-- Dataset section follows --
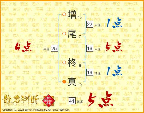 生活面を象徴する運勢です。外部から受ける影響力を表し、結婚運、家庭運や職場、環境への順応性を表します。総運から人運を引いた画数。姓や名が1文字の場合を除く。
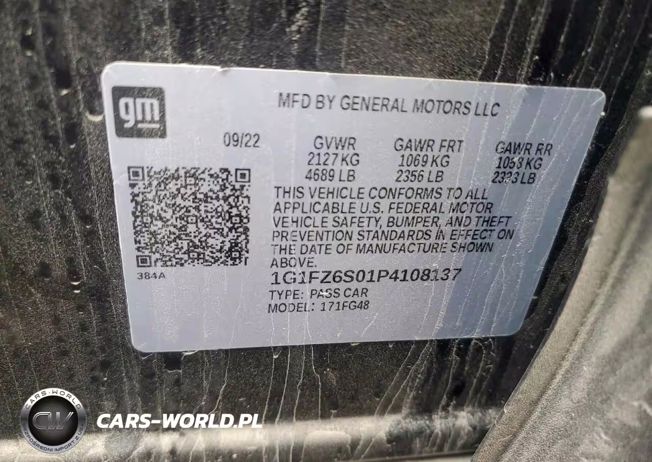 Copart Nr: C-86521405 VIN: 1G1FZ6S01P4108137 Port: Elizabeth, NJ
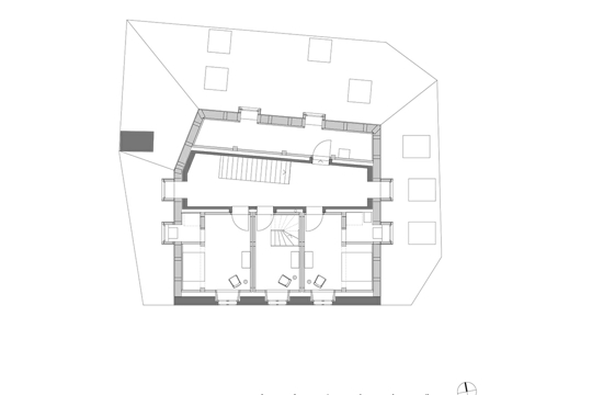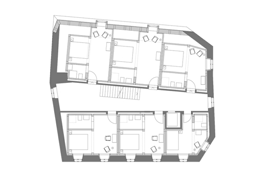 Od prvog kata ostala je samo stara kamena fasada, a s njom i nekoliko povijesnih prozora s okovima. Kao rezultat rušenja, radikalnih promjena i novog u Altes Hospizu nastalo je 14 udobnih novih gostinskih soba, sve ugodno mirišu po svježem drvetu, a lijepe su na arhaičan i jednostavan način: dvije stolice, jednostavna drvena komoda, niše s krevetom te impresivna planinska panorama. Kupaonice gostinskih soba imaju tamni, lagano sedefasto svjetlucajući namaz kao zaštitu od vlage. Krunu kuće čini dvoetažni prostor ispod krova s velikim prozorom i slobodnim pogledom na planine.
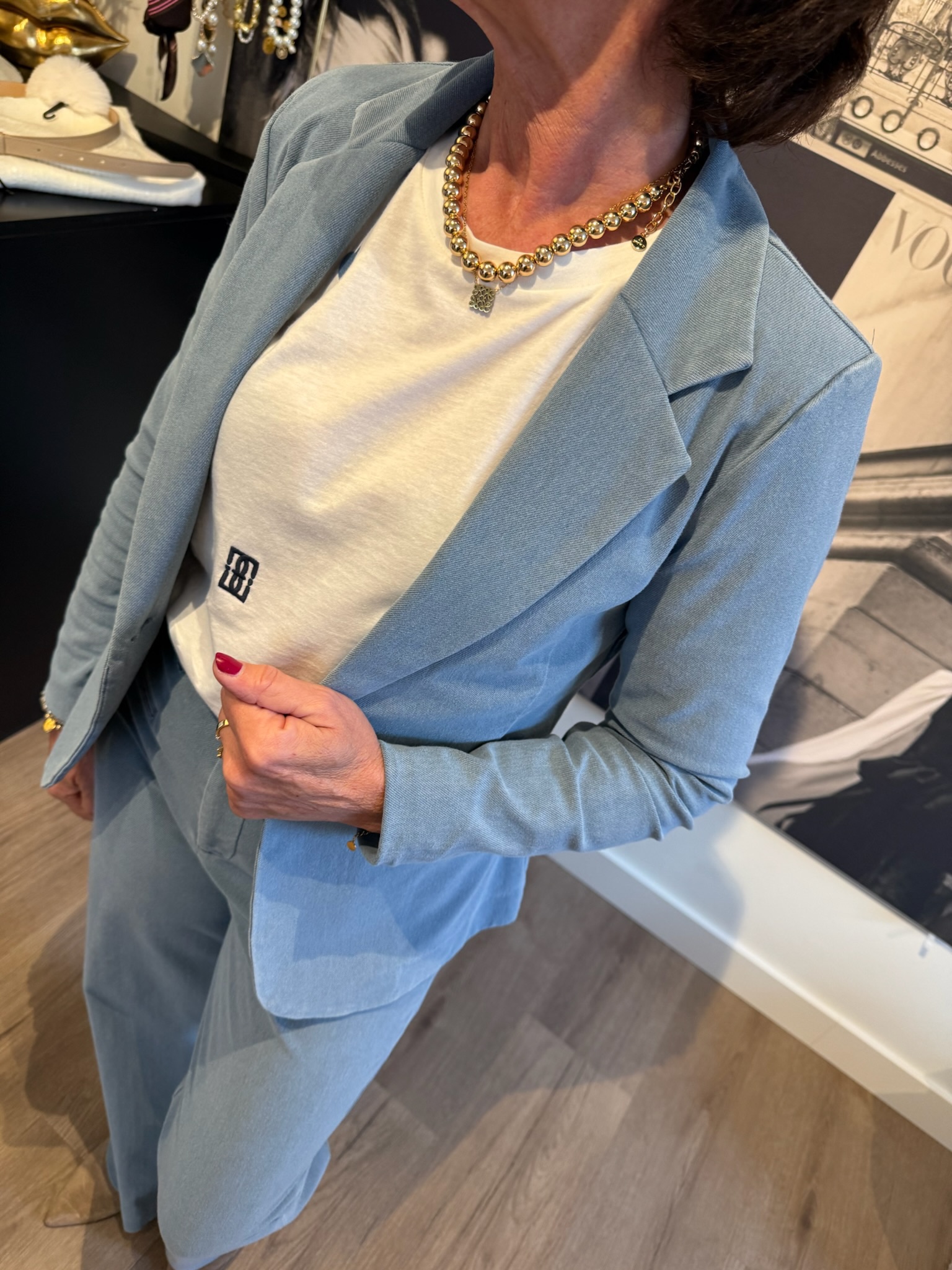 Deze blazer van ICHI is licht jeansblauw en gemaakt met een beetje stretch, waardoor hij comfortabel zit en goed mee beweegt. Hij is ideaal om zowel casual als netjes te dragen en past makkelijk bij veel outfits. Een fijne, veelzijdige blazer voor iedere dag.
-- Dataset section concluded --
- [Exercise requirements]: All of the data needs repeating exactly, but the pictures do not.

- [Exercise output]:
 生活面を象徴する運勢です。外部から受ける影響力を表し、結婚運、家庭運や職場、環境への順応性を表します。総運から人運を引いた画数。姓や名が1文字の場合を除く。
 Copart Nr: C-86521405 VIN: 1G1FZ6S01P4108137 Port: Elizabeth, NJ
 Od prvog kata ostala je samo stara kamena fasada, a s njom i nekoliko povijesnih prozora s okovima. Kao rezultat rušenja, radikalnih promjena i novog u Altes Hospizu nastalo je 14 udobnih novih gostinskih soba, sve ugodno mirišu po svježem drvetu, a lijepe su na arhaičan i jednostavan način: dvije stolice, jednostavna drvena komoda, niše s krevetom te impresivna planinska panorama. Kupaonice gostinskih soba imaju tamni, lagano sedefasto svjetlucajući namaz kao zaštitu od vlage. Krunu kuće čini dvoetažni prostor ispod krova s velikim prozorom i slobodnim pogledom na planine.
 Deze blazer van ICHI is licht jeansblauw en gemaakt met een beetje stretch, waardoor hij comfortabel zit en goed mee beweegt. Hij is ideaal om zowel casual als netjes te dragen en past makkelijk bij veel outfits. Een fijne, veelzijdige blazer voor iedere dag.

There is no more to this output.